Angie stared at us both for a long time and her face gradually softened.

“Well, I don’t have a job anymore. Which means I probably can’t afford this apartment much longer. Can’t hold on to a boyfriend, and I don’t like pets. So, I guess you two morons are all I got.”

“Stop it,” Bubba said. “I’m getting all choked up and shit.”

She dropped off the counter. “All right, who’s driving me to a safe phone?”

She used one off the lobby of the Park Plaza Hotel and I gave her plenty of room, wandered around the marble floors, admired the old elevators with their brass doors and the brass ashtrays standing to the left of the doors, wished it was still cool to wear fedoras and knock back scotch for lunch, light wooden matches with your thumbnail, and call people “mugs.”

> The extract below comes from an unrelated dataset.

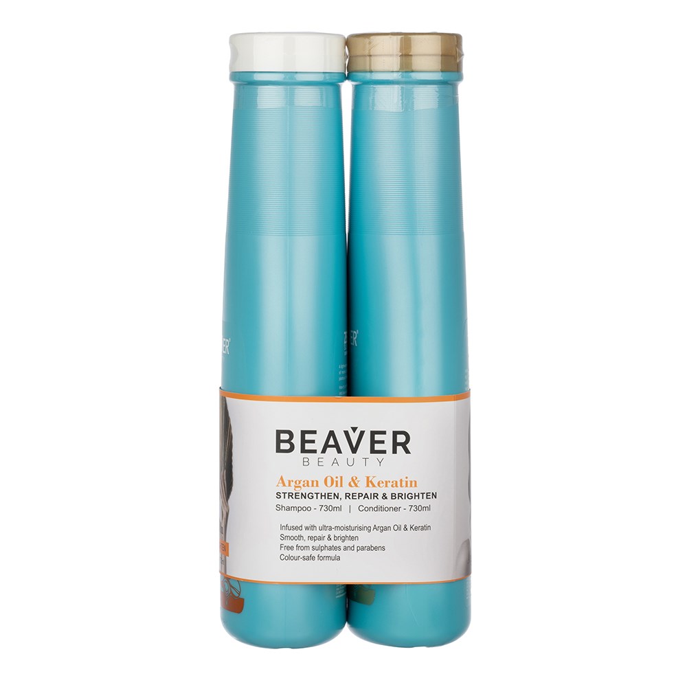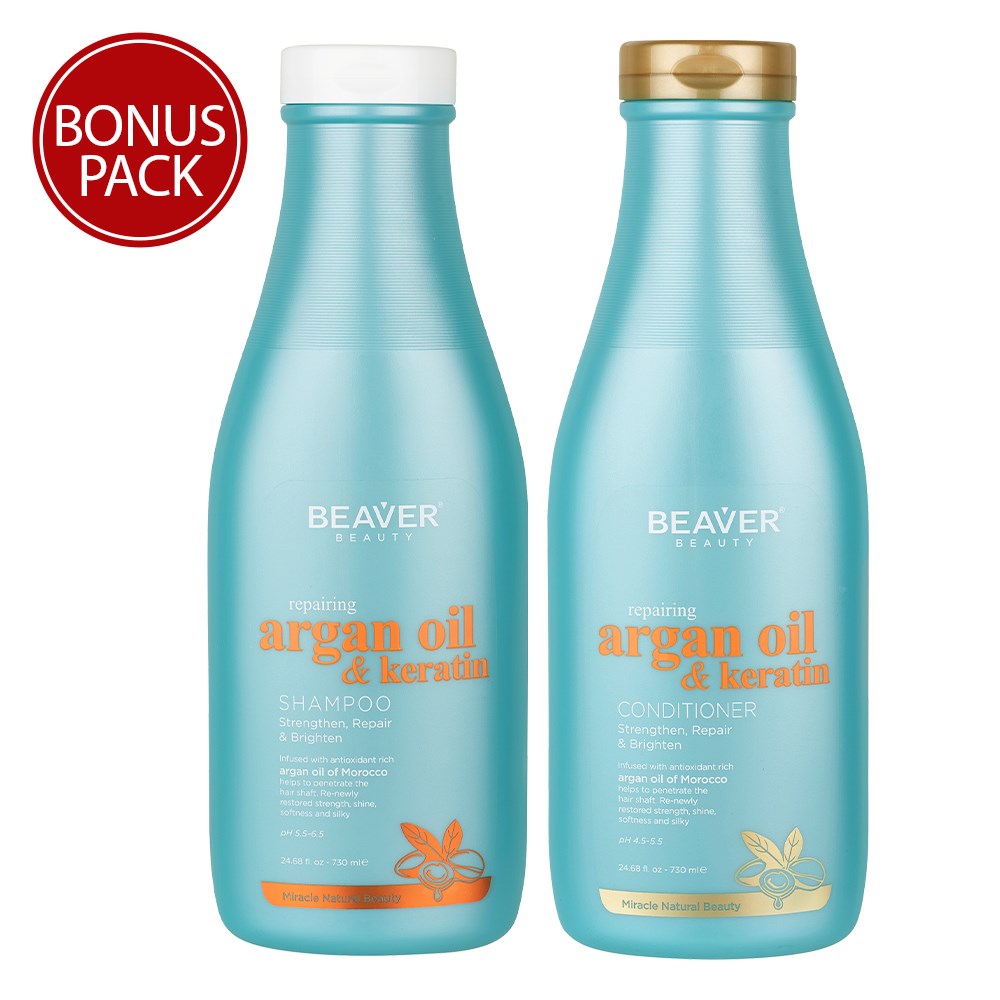 To Use: Apply Beaver Argan Oil Keratin Repairing Shampoo to wet hair and gently massage. Rinse thoroughly. Squeeze excess water from hair and spread Beaver Argan Oil Keratin Repairing Conditioner evenly onto damp hair. Rinse thoroughly.

Where have you gone, Burt Lancaster, and why’d you take most of the cool shit with you?

She hung up the phone, walked toward me, completely out of place among the brass fixtures and red Orientals, marble floors and people in silks and linens and Malaysian cotton, in her faded white tank top, gray shorts, and Nike thongs, no makeup, smelling like Murphy’s Oil Soap, and all she had to do was give me that loopy grin she was giving me now, and I was pretty certain I’d never seen anyone look half as tremendous.

“Looks like you’ll live,” she said. “He said to give him the weekend, steer clear of Stevie till then.”

“What’d it cost you?”

She shrugged, started heading for the exit. “I got to make him a plate of chicken piccata next time he’s up this way and, oh yeah, make sure Luca Brasi sleeps with the fishes.”

“Every time you think you’re out,” I said.

“They pull me back in.”

24

On Monday we went to work in earnest. Angie planned to spend the day trying to contact a friend at the IRS in Pittsburgh, see if she could get any hits on Wesley Dawe’s revenue info for the years before he disappeared, and Bubba promised he’d try the same with a guy he knew at the Massachusetts Department of Revenue, though he seemed to remember something shady happened concerning his friend but couldn’t recall what that was.

I used the computer in the office to search the Net’s national phone books and any other databases I could think of. Typing in Wesley Dawe over and over and over and getting nothing, nothing, and nothing.

Angie’s friend at the IRS kept her hanging all afternoon, and Bubba never called to report on his progress, and finally, sick of brick walls, I drove downtown to check out Naomi Dawe at the Hall of Records.